From the development trends of the medical AI industry, leading companies have gradually reached the late stages of the primary market and are preparing to enter the secondary market. In 2021, Keya Medical and Airdoc successively filed their prospectuses, and Infervision was reported by the media to have initiated the process for listing in Hong Kong. Does SHUKUN also have such plans?

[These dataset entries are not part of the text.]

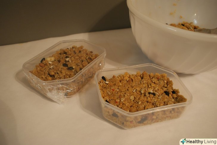 Використовуйте квадратні контейнери розміром трохи менше, ніж розмір годівниці з жиром. влийте туди суміш і накрийте харчовою поліетиленовою плівкою.
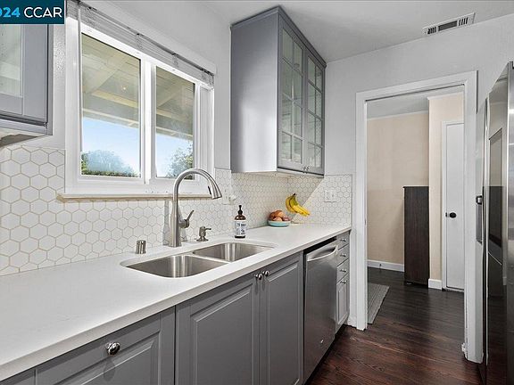Nestled in the charming San Lorenzo Village, this stunning home offers the perfect blend of comfort and convenience. With 3 bedrooms and 2 bathrooms spread over 1314 sq/ft, this property boasts an open floor plan that invites natural light and warmth. The living room features a cozy wood-burning fireplace, perfect for those chilly evenings. The kitchen has been updated with sleek quartz countertops and stainless steel appliances, making it a chef's delight. Gleaming hardwood floors run throughout the house, adding a touch of elegance to every room. The dual pane windows not only enhance the aesthetics but also ensure energy efficiency. The fresh exterior paint and the newer electrical and HVAC systems are a testament to the meticulous upkeep of this property. The backyard is an oasis of calm, ideal for unwinding or hosting memorable gatherings with loved ones. Situated close to schools, the post office, banks, and community parks, this home offers the best of suburban living in a fabulous neighborhood. This property is perfect for first-time home buyers and won't stay on the market for long!
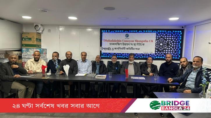 ঢাকাদক্ষিণ উন্নয়ন সংস্থা ইউকে’র কার্যনির্বাহী কমিটি (ইসি) ও উপদেষ্টা কমিটির যৌথ সভা বুধবার সন্ধ্যায় পূর্ব লন্ডনের একটি রেস্টুরেন্টে অনুষ্ঠিত হয়েছে। সভায় সভাপতিত্ব করেন সংস্থার প্রেসিডেন্ট আব্দুল লতিফ নিজাম এবং সভা পরিচালনা করেন জেনারেল সেক্রেটারি আব্দুল বাছির।
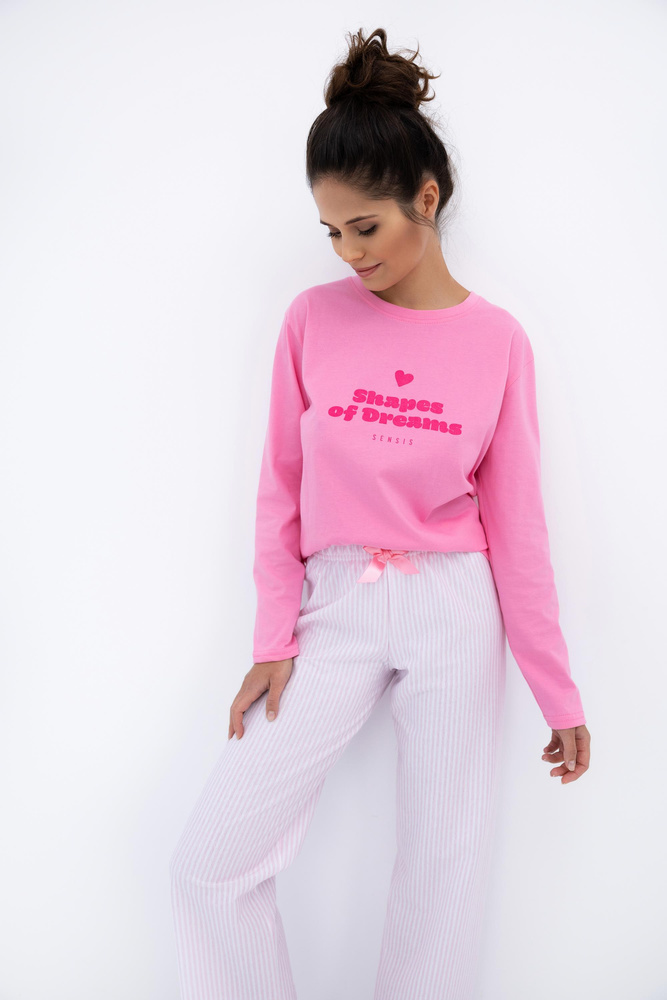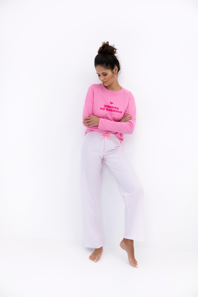 • Malaya Sensis Baumwollpyjama – kurzärmeliges T-Shirt mit dekorativer Aufschrift, lange Hose mit Gummiband und Schleife. Komfort und Stil jeden Abend.
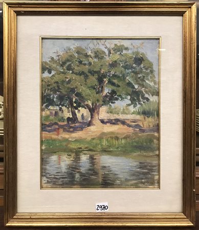 Firma indecifrata, “Scorcio lacustre”, olio su tela (cm 34x27) firmato in basso a destra, in cornice (lievi difetti)
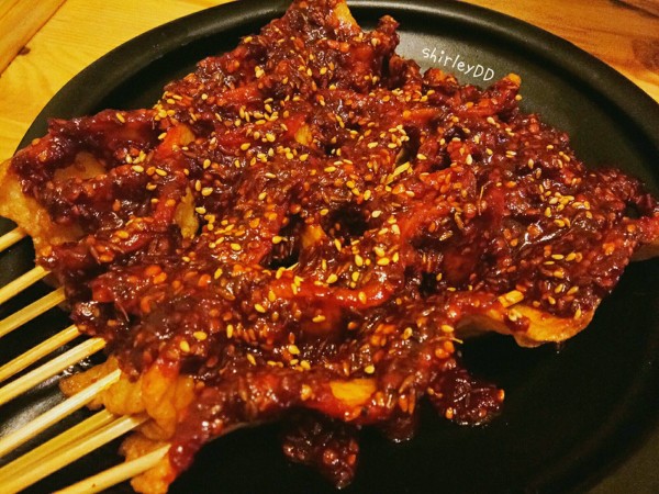 店铺是典型的延吉风情装修,二楼有几张榻榻米,习惯了中式饭桌的你,也可以来尝试一次所谓的“席地而坐”。不用担心天气寒冷,榻榻米旁的暖气可是开的足足的。麻辣牛肉条是极力推荐的菜品,不会过分的辣,有一丝回甜,吃起来很有嚼劲!喜欢喝酒的小伙伴,千万不要错过这道美味的下酒菜!鸡爪做的非常软烂,店里给配了一次性手套,抓起来吃也很方便。麻辣排骨和鱼饼串味道相像,酱料是很重的辣酱,好吃到要冒着嘴肿的风险,也不想放下筷子!
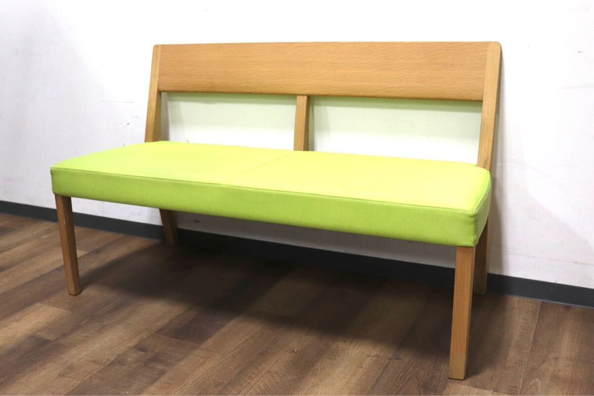 - GMHK283A○karimoku / カリモク CU4712 ダイニングベンチ 2人掛けチェア 食卓椅子 木製 ベンチ 合皮 ライムグリーン 国産家具 定価約8.6万

Looking back at SHUKUN, a medical AI company that built its foundation on multiple original innovations, each step it has taken seems to have garnered the industry’s greatest attention. The latest data show that various product lines under SHUKUN’s Digital Human Platform are being used with high stickiness in more than 1,000 hospitals across China. From this perspective, SHUKUN may be devoting greater efforts to capturing market adoption. After all, once regulatory approvals are secured, the player that captures a larger market share holds greater potential for large-scale commercial penetration—this is the fundamental value proposition of AI enterprises.
According to SHUKUN, the company will next leverage the combined power of AI and internet platforms to fulfill AI’s proper role in addressing the diagnostic capacity gaps at the primary care level, promoting the downward flow of high-quality medical resources, and alleviating the severe shortage of primary healthcare professionals. It also aims to harness public welfare initiatives to use AI technology in facilitating early screening, diagnosis, and treatment for patients at the primary care level, continuously improving the accessibility of diagnostic services, thereby enhancing the overall health and well-being of the population.
Therefore, with ample capital backing, SHUKUN has the confidence to focus on its customers and products themselves. By the same token, for AI products to gain recognition in the medical community, it is not merely financial support that matters, but rather their ability to optimize and innovate medical practices and workflows.
This is precisely what SHUKUN is currently doing.